Such an operation model may have a data table composed of, by way of example, a combination (S, A) of which S represents a set of sampled state data and A being an action taken under each state, and W being a weight calculate by a reward. Note that, the output of the evaluation model may be used as at least a part of a reward for calculating such a weight W.

In generating such an operation model, the operation model generating unit 710 may obtain learning environment data representing a state of a learning environment. At this time, if a simulator which simulates an operation in the equipment 10 is used as the learning environment, the operation model generating unit 710 may obtain simulation data from the simulator as the learning environment data. However, the present invention shall not be limited to this case. An actual equipment 10 can also be used as the learning environment. In this case, the operation model generating unit 710 may obtain state data representing a state of the equipment 10 as the learning environment data.

Next, the operation model generating unit 710 may decide an action randomly, or by using a known AI algorithm such as FKDPP that will be described below, and provide a control target in the learning environment with a manipulated variable based on this action. The state of the learning environment changes in response to this.

Then, the operation model generating unit 710 may obtain learning environment data again. In this manner, the operation model generating unit 710 can obtain a state of the learning environment after it has changed in response to the manipulated variable according to the decided action is provided to the control target.

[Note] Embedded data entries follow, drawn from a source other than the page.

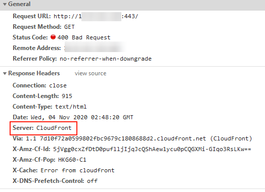如果发送一个request到AWS边缘节点的https端口,返回的headers信息中,server会显示为CloudFront,而大部分都会是nginx或其他web服务器,可以以此作为区分。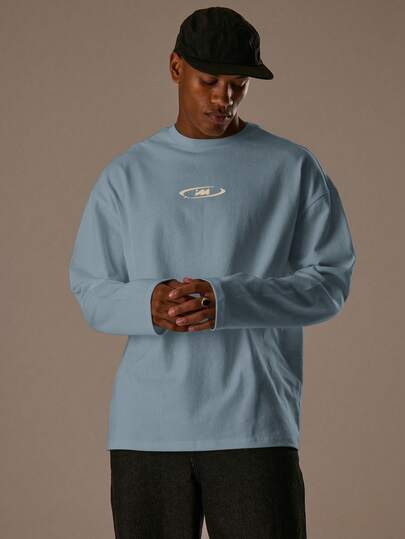 Musero 男士宽松圆领印花长袖上衣 春夏款 - 霧霾藍 - 查看 1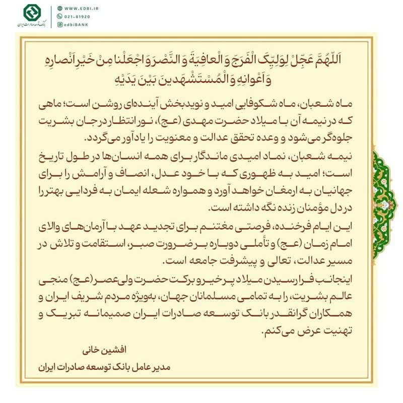 پیام تبریک مدیرعامل بانک توسعه صادرات ایران به مناسبت ولادت حضرت مهدی موعود (عج)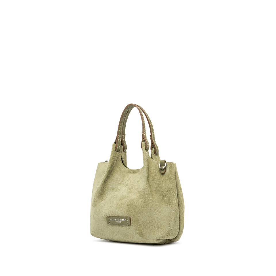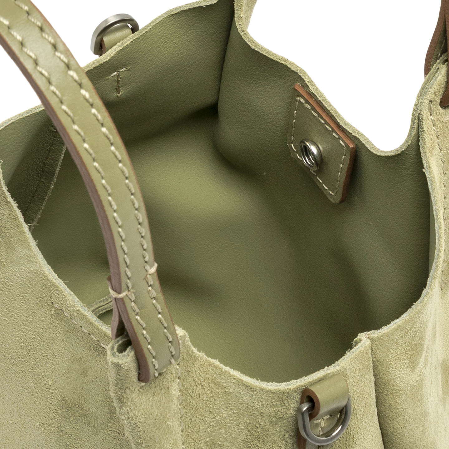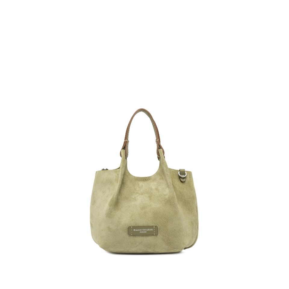 The iconic Dua bag, crafted from suede, stands out for its unique texture. It features an unlined single compartment, top profiles in leather and color matching double handles. Practical and essential, it is perfect to stylishly enhance any look. It can be carried as a handbag at the shoulder. Size: 19x20x8 cm.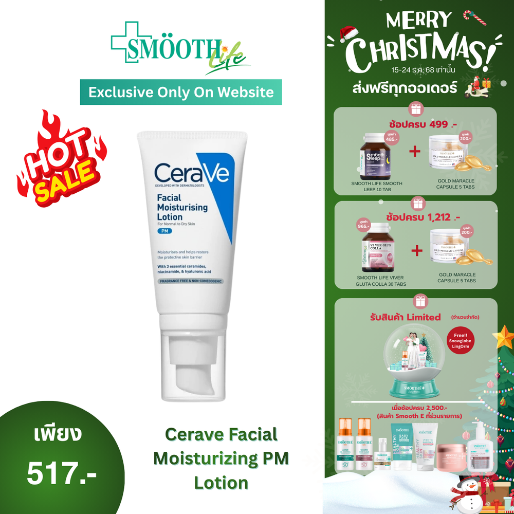 Cerave Facial Moisturizing PM Lotion 52 ml. โลชั่นบำรุงผิวหน้า สำหรับผิวธรรมดา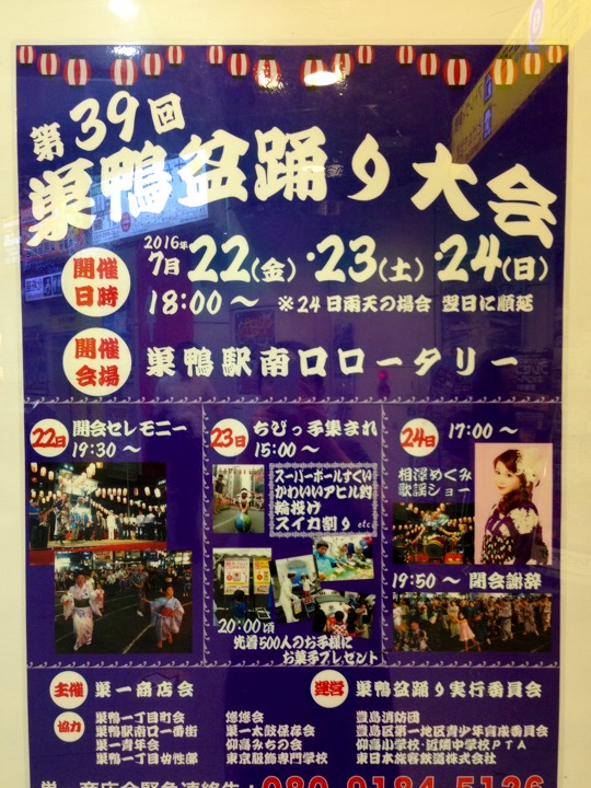 巣鴨ではちょうど盆踊りですが、見に行けなさそう。ざんねん〜(´・ω・`)

Then, the operation model generating unit 710 may calculate a reward value based at least partially on the output of the evaluation model. By way of example, the operation model generating unit 710 may calculate, in response to learning environment data representing the state of learning environment after being changed being input into an evaluation model, an indicator output by this evaluation model as a reward value as it is.

The operation model generating unit 710 may not only overwrite a value in a weight column in the data table after repeating the obtaining processing of a state for multiple times according to the decision of such an action, but also update the operation model by adding new sample data that has not been saved previously to a new row in the data table. The operation model generating unit 710 can generate an operation model by repeating such updating processing for multiple times. Generation itself of the operation model may be arbitrarily performed, and thus further details are omitted from description herein. The operation model generating unit 710 supplies the operation model outputting unit 720 with the generated operation model.

The operation model outputting unit 720 outputs the operation model. For example, the operation model outputting unit 720 may output the operation model generated by the operation model generating unit 710 by transmitting the same to another apparatus via a network. Specifically, the operation model outputting unit 720 may transmit the generated operation model to a control apparatus. In response to this, the control apparatus may control a control target provided in the equipment 10 by using the operation model. However, the present invention shall not be limited to this case. The operation model outputting unit 720 can output the generated operation model by writing it to various memory devices, or by displaying it on a monitor.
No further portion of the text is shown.